本腰を入れて市場を潰しにかかる北朝鮮の「計画経済回帰策」

新型コロナウイルスの世界的流行に伴い、2020年1月16日に運行を中断した北朝鮮と中国を結ぶ国際貨物列車が運行を再開してから1カ月あまり。

大量の食料品が輸入され、市中にも出回るようになった。北朝鮮の市場で出回る商品の多くが中国製と言われているだけあり、活気を取り戻しつつあるかと思いきや、依然として寒風吹きすさぶ状況が続いているようだ。咸鏡北道(ハムギョンブクト)のデイリーNK内部情報筋が伝えた。

道内最大都市の清津(チョンジン)の市場では先月から中国製の食用油、化学調味料、砂糖などの食料品の入荷量が増え、高騰していた価格が下落傾向にある。しかし、商人の懐は依然として寒いままだ。全然売れないからだ。

貨物列車で輸入された食料品は、国営商店で売られている。市場の商人はそこで商品を仕入れて売っているが、当然、売値は国営商店より高くなる。ただでさえコロナ不況で苦しい生活を強いられている人々は、市場ではなく国営商店を訪れ、少しでも安く買おうとするのだ。

「国営商店中心に物価が形成され、もはや商人が市場で儲ける時代は去りつつある」(情報筋)

コロナ前は、密輸で持ち込まれた大量の商品が売られ、その供給量に応じて価格が決まっていた。しかしコロナ禍で密輸に対する厳しい取り締まりが行われ、ようやく再開された貿易も、国主導で行われている。民間の業者に奪われていた貿易の主導権を、国が取り戻しつつあるということだ。

別の情報筋によると、朝鮮労働党咸鏡北道委員会は先月末、道内の貿易関係者を集め、過去とは異なり、国主導の貿易体系に従えとの内容で講習会を開いている。各機関、企業が先を争って貿易をしてきた過去20年間のやり方を打破し、それ以前のやり方に戻すというのだ。

問題は、市場の商人が儲からなければ、そもそも物が売れないという矛盾にある。清津の場合、市場での商売ではもはや生計が成り立たず、稼いだところで1日の食費にも満たない状況になっているという。北朝鮮の多くの国民が商業で生計を賄っている状況を踏まえれば、人々の購買力が落ちるのは当然の成り行きだ。

また、密輸された商品を全国各地に運ぶ商売も儲からなくなっている。全国の国営商店が、均一価格で商品を販売しているからだ。輸送費が加算され、国境から離れれば離れるほど価格が上がる従来の方式がもはや通じなくなったのだ。

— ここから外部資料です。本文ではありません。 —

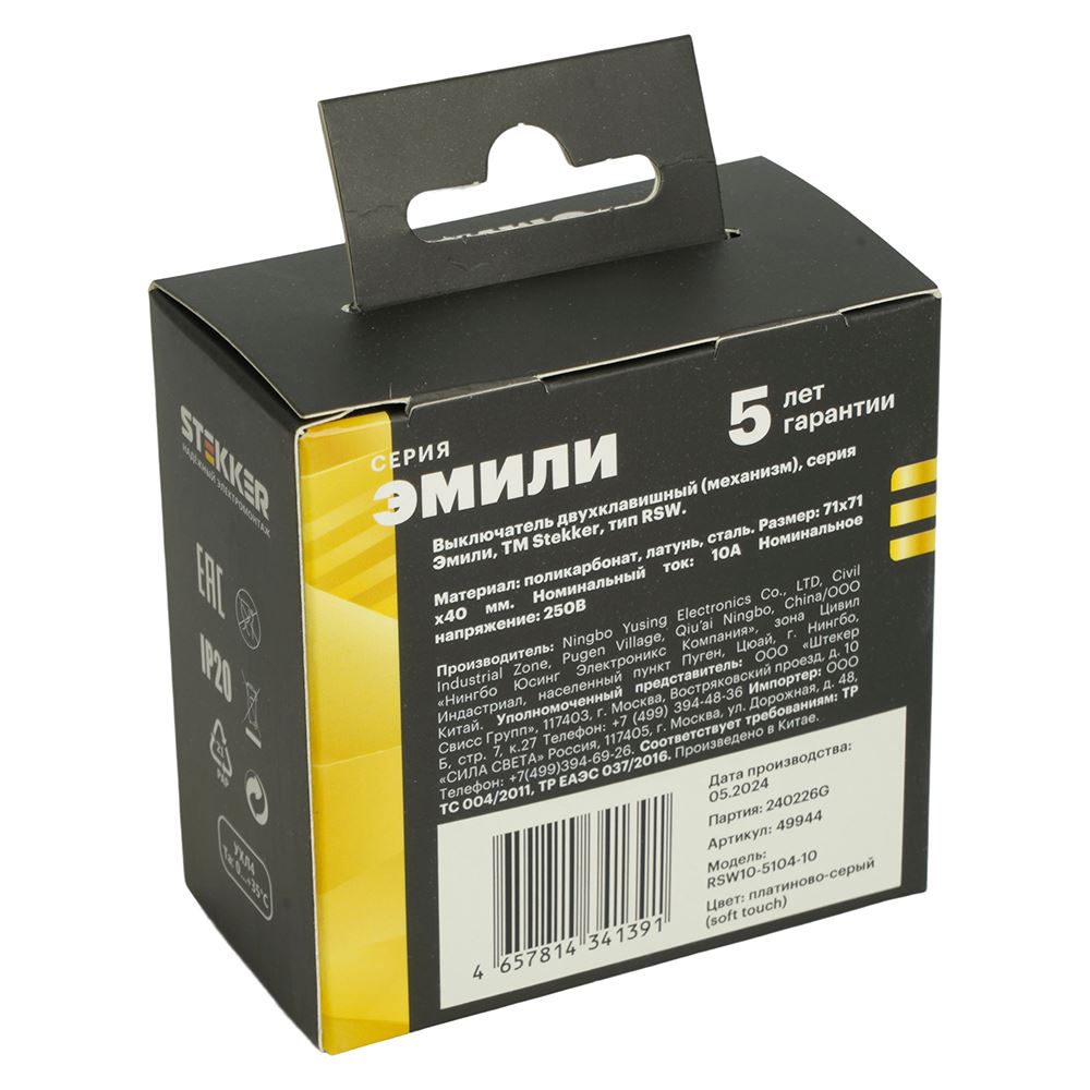 Выключатели двухклавишный STEKKER RSW10-5104-10 , серия Эмили тип установки - скрытый, размер изделия 71*71*40мм., цвет платиново-серый, soft touch, материал изделия поликарбонат, латунь, сталь. Номинальное напряжение 250 , номинальный ток 10А, 20

当局は貿易の主導権を取り戻し、利益をすべて国庫に取り込もうとしているが、今後もうまくいくかは不透明だ。商品を買うには当然現金が必要だが、一般市民が現金収入を得るほぼ唯一の機会が、市場での商売だった。それで儲けられなくなったとなれば、店頭に商品は溢れているのに、誰も買えないという状況に陥る。

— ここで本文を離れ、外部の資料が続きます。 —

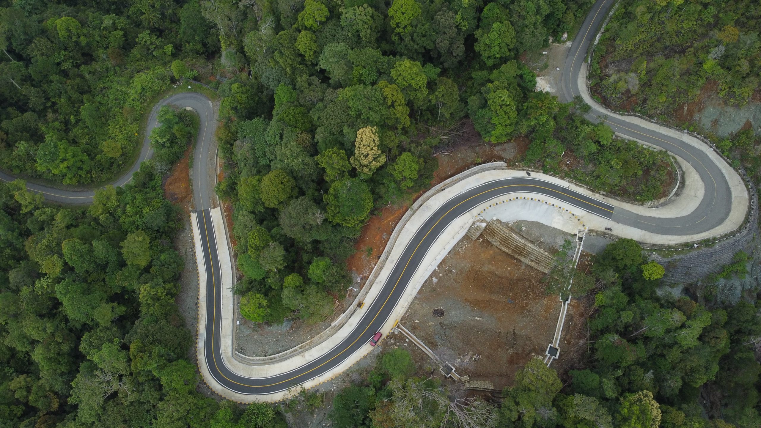 Nagan Raya (Meulabohnews) – Suasana jalan lintas Aceh Tengah – Nagan Raya dari udara di Desa Blang Neuang, Kecamatan Beutong, Nagan Raya, Sabtu (13/3/2026). Hingga H -6 menuju lebaran Idulfitri 1447 Hijriah jalan lintas tengah tersebut masih sepi pemudik meski kondisi jalan sudah normal pasca banjir bandang menerjang Aceh akhir November 2025 lalu.(Meulabohnews/Yulham)

「国は配給もくれないのに、商業も国が主導していて、住民の生活苦はいっそうひどくなっている」(情報筋)

国は近年、過去数十年間行われてきた、違法ながらも皆が得をする市場経済への積極的な介入を避けてきた。それがコロナ流行の直前あたりから、かつての計画経済を取り戻し、市場経済はそれを補完するレベルに留めようとする姿勢を示すようになった。

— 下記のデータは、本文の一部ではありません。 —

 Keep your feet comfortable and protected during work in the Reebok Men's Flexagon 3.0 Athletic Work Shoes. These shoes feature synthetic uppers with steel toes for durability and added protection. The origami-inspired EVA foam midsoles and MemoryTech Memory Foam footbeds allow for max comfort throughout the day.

だが、国営の職場から支給されるのは、現在の物価水準とはかけ離れた超の付く薄給。この給与水準が現実的に修正されない限り、計画経済への回帰は、単に国民を餓死に追い込むだけの政策にしかならない。

「計画経済で食糧問題が解決すればいいだろうが、住民たちはその可能性は低いと見ており、今の国の経済政策をあまり歓迎していない」(情報筋)

また、貿易関係者も国のやり方には懐疑的だ。

「貿易は信頼が大切だが、コロナ禍でほぼ3年間、中国の業者から商品を受け取っても、代金を払えなかったりしている。そんな状況で貿易機関の自主決定権を保証せず、国が勝手に貿易をすると言って貿易がどんな方向に流れるのか、果たして国家貿易主義に転換できるのか疑問だ」

トンジュ(金主、ニューリッチ)は、計画経済への回帰は失敗すると見越してか、国営商店で手当たりしだいに商品を買い占めて、市場で高値で売れるチャンスを待ち構えている。

こうした経済政策がいかなる結果を出すか、そう遠くないうちに答えが出るだろう。